— О желтая шаль! О желтая нежность! Да ты в самом деле умница, желтая ласка. Это Богдан тебе рассказал о том, как я люблю сестру?
— Да ты сам всю ночь говорил о Милене.
— Не может быть! О чем я говорил, желтая шаль? А что говорил об Иванке Илич? Богдан, о чем я говорил?
— Ничего особенного. Только не пей больше.
— Нет, сударь. Он особенное говорил. Мне в своей жизни не доводилось слышать, чтобы так говорили о сестре. Слезу пустил даже этот белобрысый, толстощекий, да, Данило, который все время кричал, что надо штурмовать Вену и Пешт. Иван — настоящий мужчина. Дай мне руку, Иван. Меня зовут Косара.
— Желтая Косара. Барышня Косара. Красивая у тебя рука. А имя старинное. Откуда ты, барышня Косара, хотя это на самом деле не важно. Важны глаза. Только глаза и важны на этом свете. Ясные, голубые, полные ласки глаза. Выпьем!

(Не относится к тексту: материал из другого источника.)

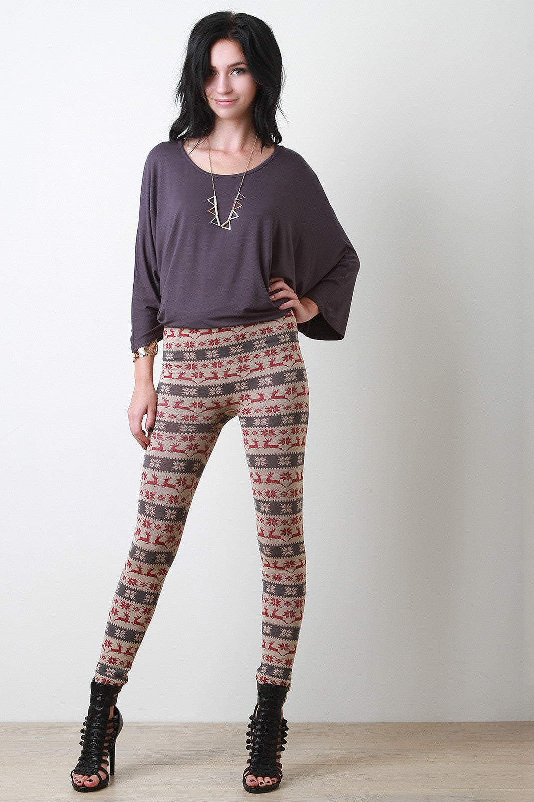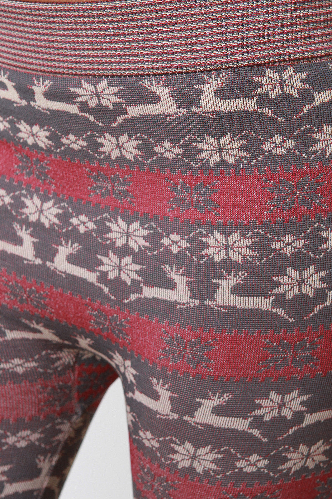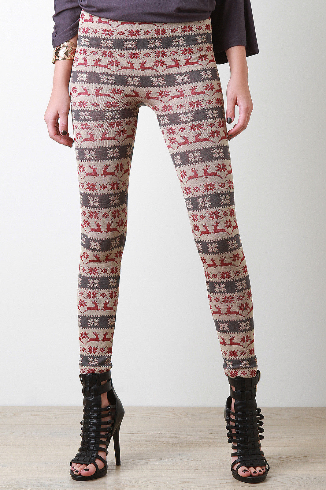 These leggings feature thick stretch knit, reindeer fair isle pattern throughout, striped elasticized waist, and taper cut. Accessories sold separately. 95% Polyester, 5% Spandex.
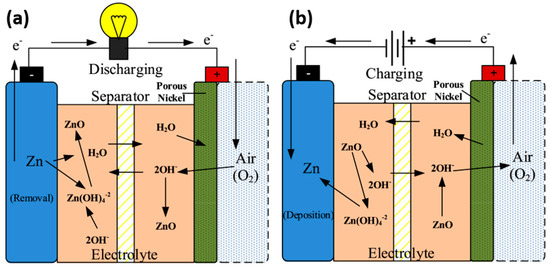 Schematic of a zinc–air battery under (a) discharging and (b) charging conditions [36]. Copyright 2017, Elsevier.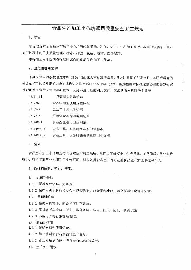 DB51/T 860-2008 食品生产加工小作坊通用质量安全卫生规范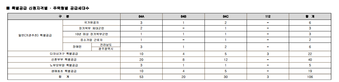 역시나 예상했던대로 112제곱미터는 특별공급에서 다자녀가구에만 단 3가구만 공급된다.

— Иван, братишка, разве мы не счастливое поколение? Мы рождены для того, чтобы воевать. Делать детей, чтоб они воевали. Мы живем для войны, верно, философ?
— Оставь меня, Казанова!
— Не оставлю. Кто говорит, будто мы, сербы, несчастны? Наоборот, наоборот. Англичане воюют за то, чтобы приобрести рынки. Немцы — за свои колонии и путь на Восток, русские — за Дарданеллы и во имя истории, французы — за свой Париж и тоже за колонии. А мы, сербы, единственные в мире, воюем за свободу. Мы последние аристократы на земле. Верно, Богдан? Благо нам. Эх, до чего же мы могучий, величественный народ!
Столы или тараканы стали надвигаться на Ивана; он повернулся, и мука взметнулась — невыносимо! Он крикнул:
— Богдан, смерть страшна! Бежим. Спасайся, Богдан.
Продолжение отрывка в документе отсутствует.